In order for a Silverlight (or Flash) app coming from one domain to be able to consume data from services in a different domain, the service must "allow" the app to do so by providing a policy file which grants access (to prevent all sorts of cross-site scripting attacks). This policy file must be located in the root of the "domain" (hostname + port), so if your service is located at https://my.service.com:8000/Service/CoolService.svc/Endpoint, the policy file must be located at https://my.service.com:8000/ClientAccessPolicy.xml (or https://my.service.com:8000/crossdomain.xml in case of the Flash format). That's fairly easy to do on a IIS-hosted service (simply put the static policy file in the root of the web), but for self-hosted apps it isn't as simple (there's no "root" of the web).

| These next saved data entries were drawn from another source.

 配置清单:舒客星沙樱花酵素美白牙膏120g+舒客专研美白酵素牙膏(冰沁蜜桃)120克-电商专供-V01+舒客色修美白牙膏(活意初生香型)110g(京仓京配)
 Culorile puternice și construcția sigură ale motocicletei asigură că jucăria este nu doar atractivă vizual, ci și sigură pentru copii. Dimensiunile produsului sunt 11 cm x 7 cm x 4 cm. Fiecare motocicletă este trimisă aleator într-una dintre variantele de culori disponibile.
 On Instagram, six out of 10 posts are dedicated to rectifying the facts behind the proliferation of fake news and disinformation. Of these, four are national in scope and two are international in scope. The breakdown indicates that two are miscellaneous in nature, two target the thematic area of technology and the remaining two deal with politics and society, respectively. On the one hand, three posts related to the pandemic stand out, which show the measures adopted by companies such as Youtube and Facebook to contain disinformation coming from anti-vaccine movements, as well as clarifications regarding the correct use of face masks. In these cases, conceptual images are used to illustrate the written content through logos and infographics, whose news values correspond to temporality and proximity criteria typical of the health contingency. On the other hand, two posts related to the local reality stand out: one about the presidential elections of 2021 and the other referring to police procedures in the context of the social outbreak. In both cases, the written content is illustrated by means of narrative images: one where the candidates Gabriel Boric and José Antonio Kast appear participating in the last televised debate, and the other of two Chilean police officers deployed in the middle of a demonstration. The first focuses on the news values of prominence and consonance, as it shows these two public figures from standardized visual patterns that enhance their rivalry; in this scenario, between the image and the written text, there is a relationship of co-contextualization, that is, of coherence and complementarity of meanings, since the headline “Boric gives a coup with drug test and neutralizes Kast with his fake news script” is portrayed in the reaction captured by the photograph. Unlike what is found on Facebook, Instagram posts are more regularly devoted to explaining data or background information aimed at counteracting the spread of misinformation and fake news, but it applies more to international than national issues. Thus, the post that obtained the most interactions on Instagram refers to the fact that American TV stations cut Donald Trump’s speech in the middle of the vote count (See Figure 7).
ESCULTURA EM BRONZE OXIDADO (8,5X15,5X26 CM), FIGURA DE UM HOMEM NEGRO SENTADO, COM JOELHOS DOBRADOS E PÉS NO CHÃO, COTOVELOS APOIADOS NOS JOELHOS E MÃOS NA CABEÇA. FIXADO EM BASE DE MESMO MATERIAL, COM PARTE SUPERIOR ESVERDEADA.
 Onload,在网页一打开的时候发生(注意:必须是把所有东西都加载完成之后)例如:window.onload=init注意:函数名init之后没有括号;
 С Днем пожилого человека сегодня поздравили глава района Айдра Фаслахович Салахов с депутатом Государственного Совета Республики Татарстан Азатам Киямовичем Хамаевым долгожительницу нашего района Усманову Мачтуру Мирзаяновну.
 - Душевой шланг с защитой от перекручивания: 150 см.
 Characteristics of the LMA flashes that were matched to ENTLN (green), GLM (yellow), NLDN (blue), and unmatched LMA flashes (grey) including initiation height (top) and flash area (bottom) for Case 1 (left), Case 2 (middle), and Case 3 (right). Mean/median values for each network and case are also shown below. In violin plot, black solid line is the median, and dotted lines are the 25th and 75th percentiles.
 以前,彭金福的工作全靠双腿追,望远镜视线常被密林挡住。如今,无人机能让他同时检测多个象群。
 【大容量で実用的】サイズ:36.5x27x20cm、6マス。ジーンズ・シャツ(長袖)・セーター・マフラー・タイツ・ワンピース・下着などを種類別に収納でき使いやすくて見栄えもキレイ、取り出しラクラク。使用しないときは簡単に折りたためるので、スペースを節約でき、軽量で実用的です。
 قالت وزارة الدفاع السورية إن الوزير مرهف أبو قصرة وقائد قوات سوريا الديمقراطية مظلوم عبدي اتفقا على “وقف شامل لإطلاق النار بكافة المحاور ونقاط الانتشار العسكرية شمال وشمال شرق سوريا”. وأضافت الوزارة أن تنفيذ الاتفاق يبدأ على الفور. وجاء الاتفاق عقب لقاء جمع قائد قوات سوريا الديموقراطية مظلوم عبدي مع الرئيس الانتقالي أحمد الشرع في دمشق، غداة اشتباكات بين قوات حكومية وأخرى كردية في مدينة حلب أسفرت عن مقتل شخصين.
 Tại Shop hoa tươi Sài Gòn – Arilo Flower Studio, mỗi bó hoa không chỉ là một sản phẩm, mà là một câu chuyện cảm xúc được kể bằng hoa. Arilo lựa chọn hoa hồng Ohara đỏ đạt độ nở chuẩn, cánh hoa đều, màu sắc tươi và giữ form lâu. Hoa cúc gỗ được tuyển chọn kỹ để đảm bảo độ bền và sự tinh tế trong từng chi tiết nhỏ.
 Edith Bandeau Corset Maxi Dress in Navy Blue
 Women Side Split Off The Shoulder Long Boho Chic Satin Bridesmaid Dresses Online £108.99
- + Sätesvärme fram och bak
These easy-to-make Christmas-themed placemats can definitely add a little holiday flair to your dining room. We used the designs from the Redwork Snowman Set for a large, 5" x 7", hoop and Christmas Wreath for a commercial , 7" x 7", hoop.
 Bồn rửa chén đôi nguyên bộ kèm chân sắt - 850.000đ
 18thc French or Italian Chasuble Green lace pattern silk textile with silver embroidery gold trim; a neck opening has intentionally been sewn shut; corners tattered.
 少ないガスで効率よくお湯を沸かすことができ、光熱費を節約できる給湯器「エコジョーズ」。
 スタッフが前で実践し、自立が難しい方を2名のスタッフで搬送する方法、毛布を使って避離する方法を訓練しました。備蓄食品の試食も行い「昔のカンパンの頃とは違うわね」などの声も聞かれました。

To solve this problem for self-hosted WCF services, you can use the web programming model support fairly easily. Basically, you'd define the base address at the root of the domain, and have a web endpoint at the "" address. All the "real" service endpoints would then be in different addresses. The example below shows it in action:

[update (2010/07/24) : if your self-hosted service uses the TCP binding (new in SL4), you can look at the solution at my new post at https://blogs.msdn.com/b/carlosfigueira/archive/2010/07/25/enabling-cross-domain-calls-for-sl-apps-on-self-hosted-tcp-services.aspx]

A complete VS solution with a SL application and the self-hosted service can be found at the MSDN Code Gallery at https://code.msdn.microsoft.com/Accessing-self-hosted-WCF-7872c931. The code for the service itself is listed below.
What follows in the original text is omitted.